The amount by which the input impedance must exceed the
impedance of the output stage is not critical, as long as the difference is great enough,
which is why we can plug virtually any piece of audio equipment into any other with
reasonable assurance that they will both perform optimally. The reduced gain at each stage
is a small price to pay for this level of compatibility.
Digital sound has injected some new factors into all this,
however. For one thing, many owners of compact disc players are unwilling even to
entertain even the thought that their cables might affect the pristine digital
signal, so the use of high-tech interconnects is increasing. In addition, many amplifier
manufacturers now include a bypass function that routes the signal from the compact disc
input directly to the power amplification stage, on the theory that the fewer electronic
components there are in the signal path, the less the chance for degradation. Things like
tone controls and input switching are not allowed to interfere with the signal from the CD
player, although users do have the option of routing the signal conventionally on those
occasions when the extra controls are required.
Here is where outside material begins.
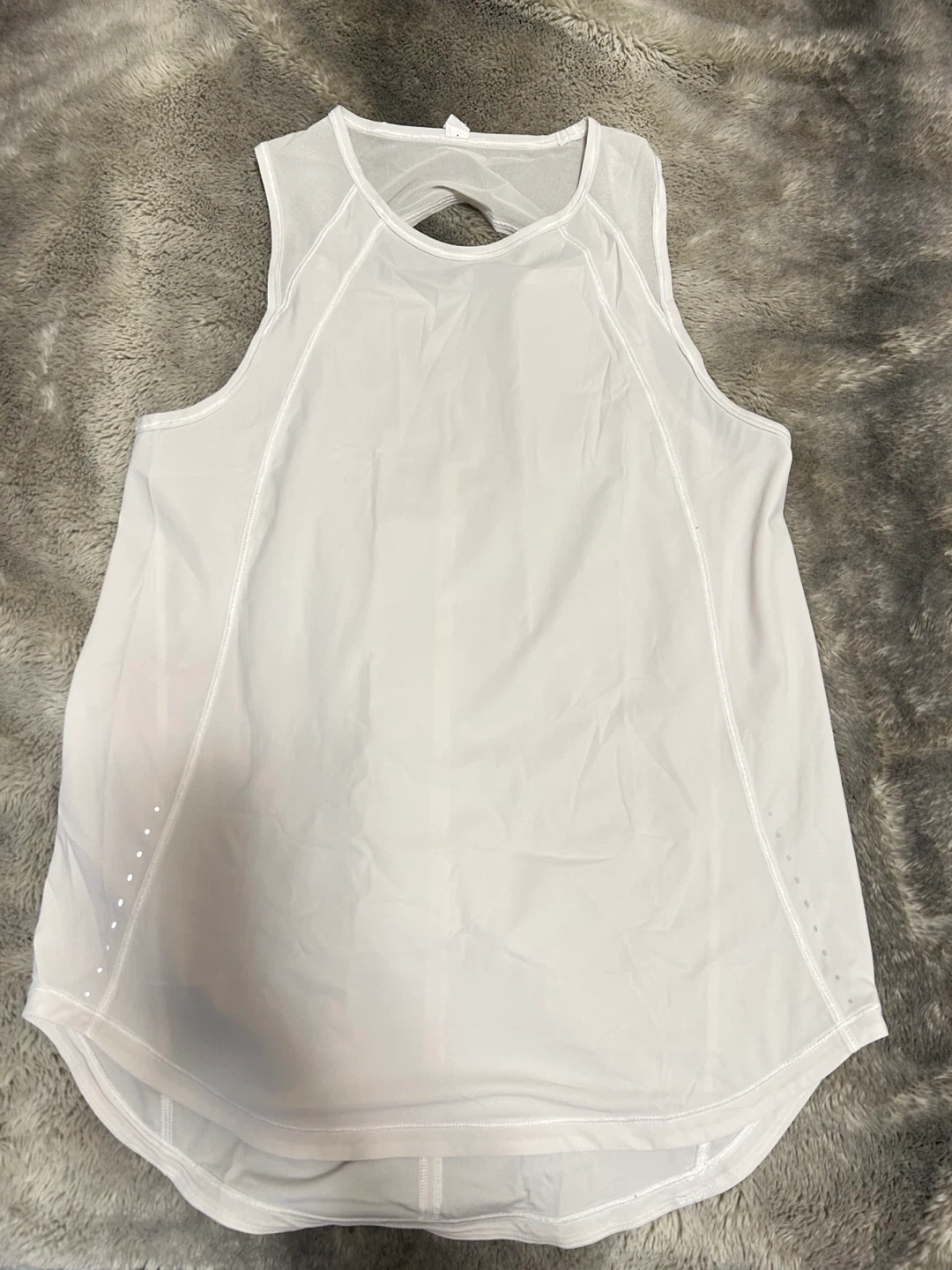 Selling a Lululemon white tank top. It's in great condition and perfect for workouts or casual wear! The breathable fabric and stylish design make it a versatile addition to your wardrobe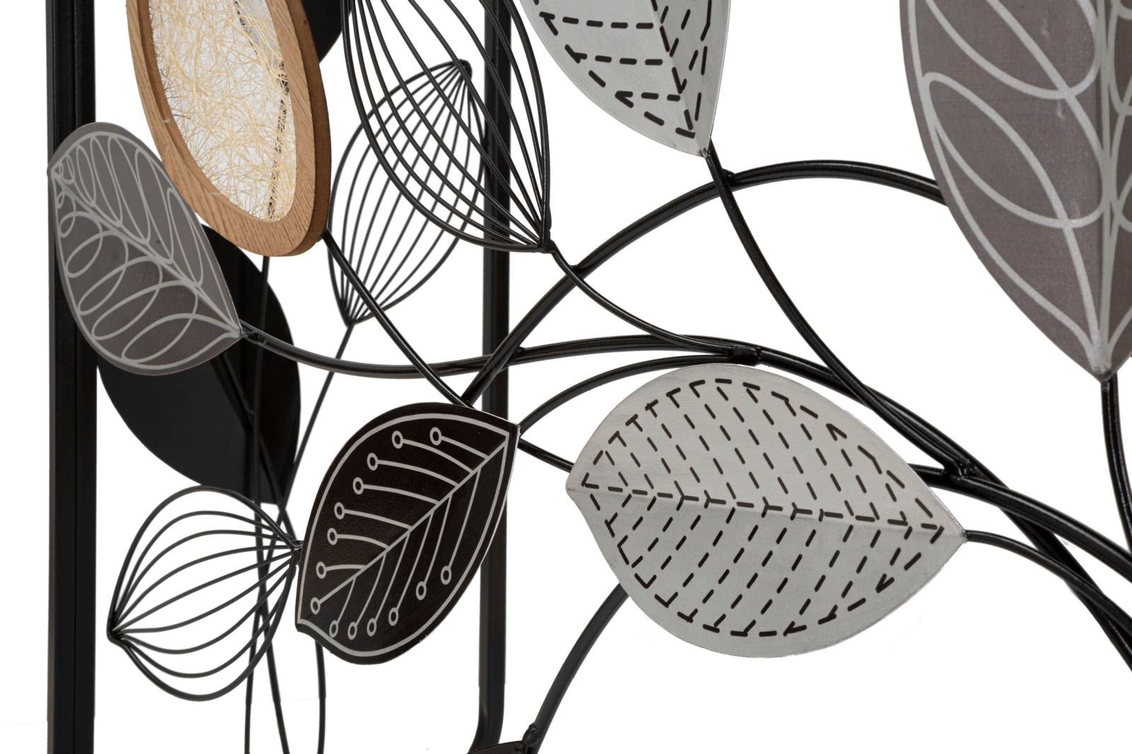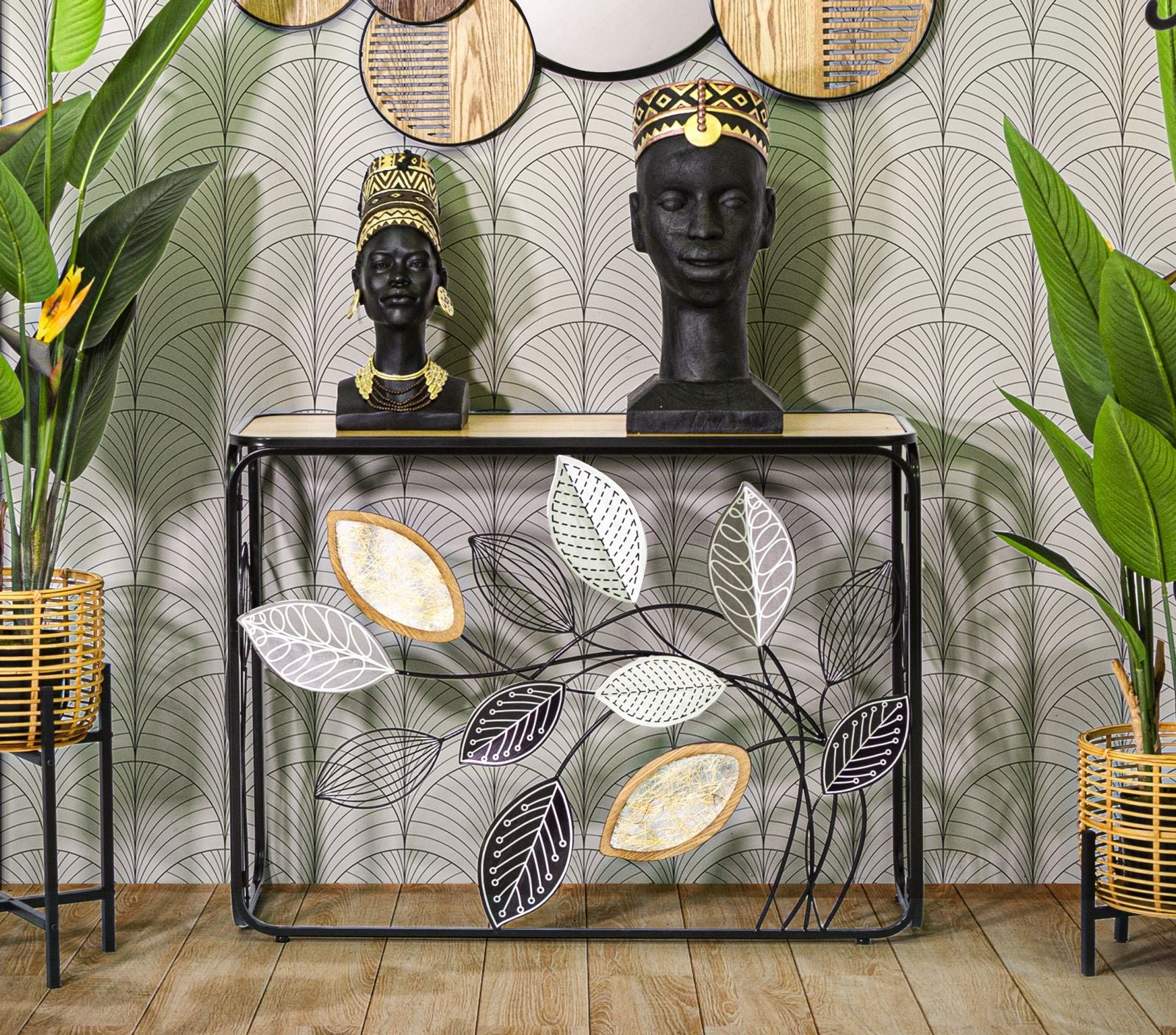 Console rettangolare in metallo nero con foglie decorative e piano in legno marrone.

Such techniques may pay some sonic benefits, although the
audible improvements are likely to be subtle at best, but they would apply equally to any
signal source and don't really address potential problems that are unique to digital
audio. From the photoelectric cell that actually reads the data on a CD to the
digital-to-analog converter, the information is all digital; after conversion it is
analog. Some experts feel that housing both digital and analog circuits on the same
chassis can cause problems because the digital is rich in harmonics in the radio-frequency
part of the spectrum. Analog audio is prey to radio frequency interference from external
sources at the best of times; the situation is much worse if the radio frequencies are
generated within the same component as the analog.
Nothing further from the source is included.